Formal Game Definition

A two-player, deterministic, zero-sum game of perfect information is defined by:

Component	Meaning
S₀	Initial state
TO-MOVE(s)	Which player moves in state s
ACTIONS(s)	Legal moves in state s
RESULT(s, a)	Successor state after action a
IS-TERMINAL(s)	True if game is over
UTILITY(s, p)	Final numeric value for player p in terminal state s

For zero-sum games: UTILITY(s, MAX) + UTILITY(s, MIN) = constant.

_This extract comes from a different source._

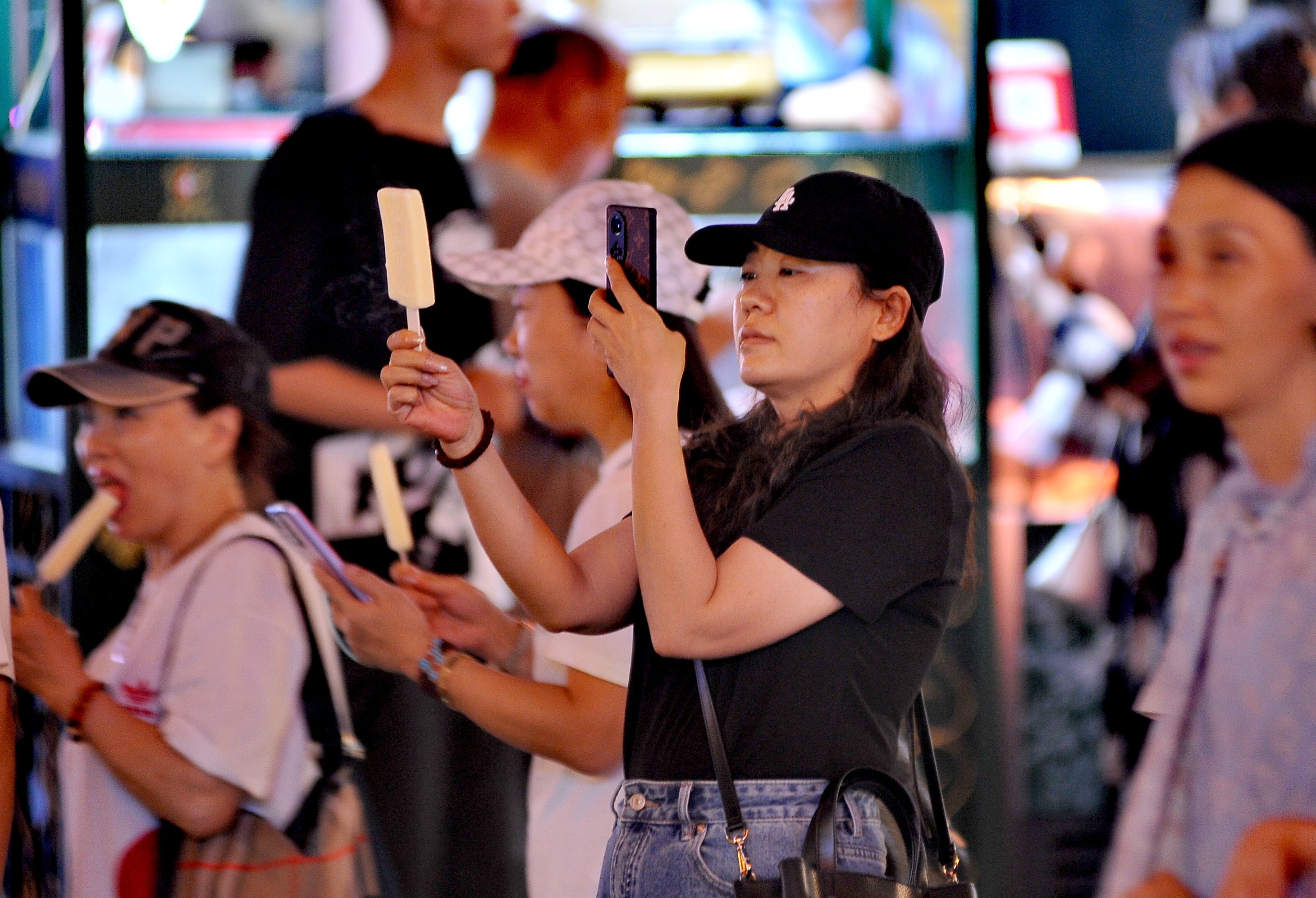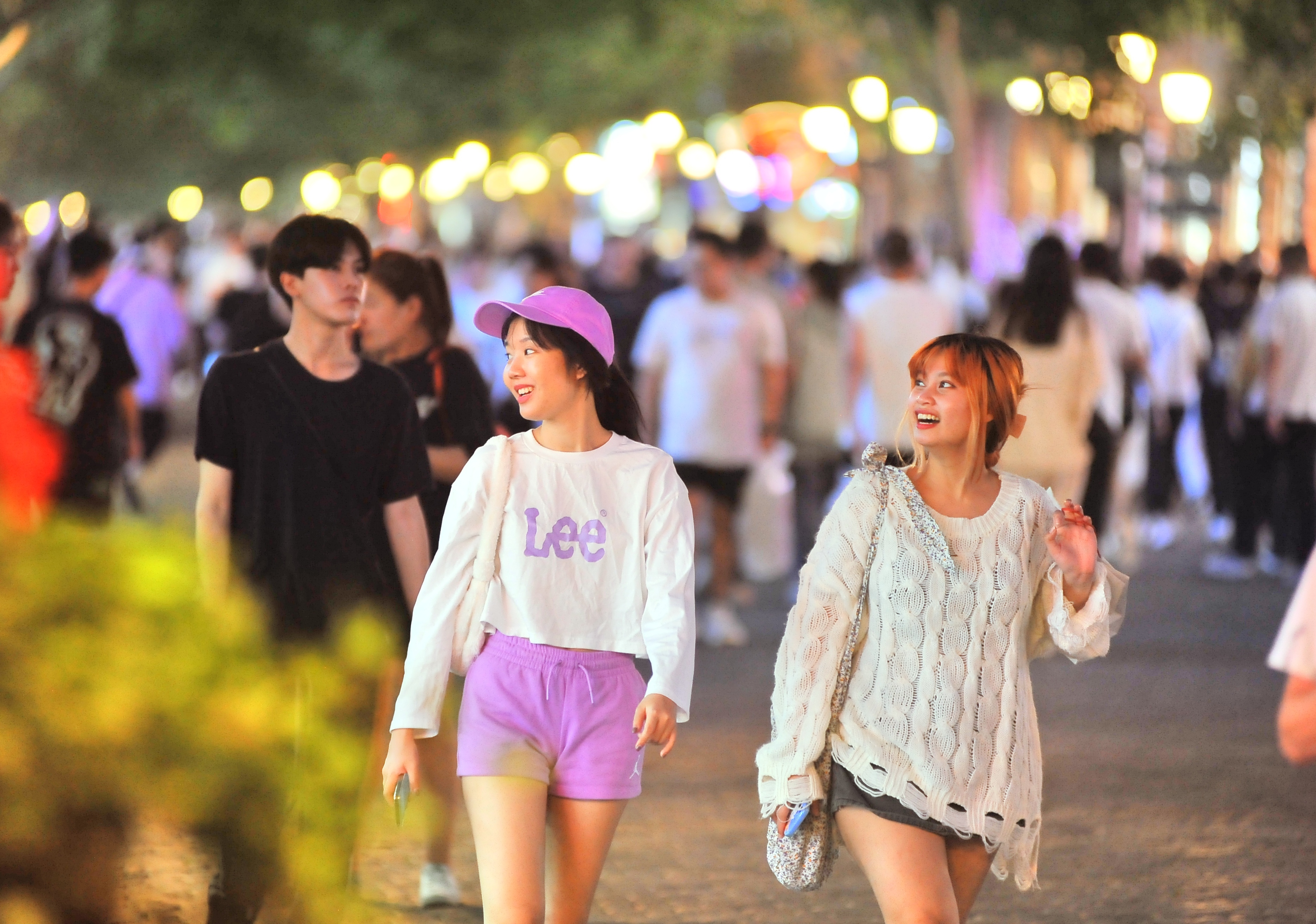夜晚,許多市民和外地游客來到中央大街逛街,享受夏日里的清涼。

Convention: MAX player tries to maximize utility; MIN player tries to minimize it.

Types of Games

	Deterministic	Stochastic
Perfect info	Chess, Go, Checkers	Backgammon, Monopoly
Imperfect info	Battleship	Poker, Bridge

Perfect information: both players see full state
Imperfect information: hidden state (cards, etc.)

Game Tree

The game tree unfolds all possible plays from the initial state. Properties:

Branching factor b: average legal moves per position
Maximum depth d: total moves in the game
Leaf nodes: terminal states with known utilities
Interior nodes: non-terminal states where one player moves

For chess: b ≈ 35, d ≈ 80 → 35^80 ≈ 10^123 nodes — impossible to search exhaustively.

The Core Challenge

Unlike single-agent search where a path to the goal is sufficient, in adversarial search: - MAX cannot control MIN’s moves - An optimal plan for MAX must handle all possible MIN responses - Solution is a strategy (policy): a mapping from states to actions

Chapter Roadmap

Minimax: exact optimal strategy for two-player zero-sum games
Alpha-Beta Pruning: prune irrelevant subtrees without losing optimality
Heuristic Evaluation: approximate deep search with eval functions
Monte Carlo Tree Search (MCTS): simulation-based search — no eval function
Stochastic Games: expectiminimax for chance nodes
Partially Observable Games: imperfect information

Connection to RL

Game playing = two-agent RL (multi-agent RL / MARL). AlphaGo / AlphaZero = MCTS + deep RL (policy + value networks trained by self-play).

For DynamICCL: adversarial framing applies to distributed training where some nodes may be slow/faulty — the “optimizer” adapts against an “adversarial” environment.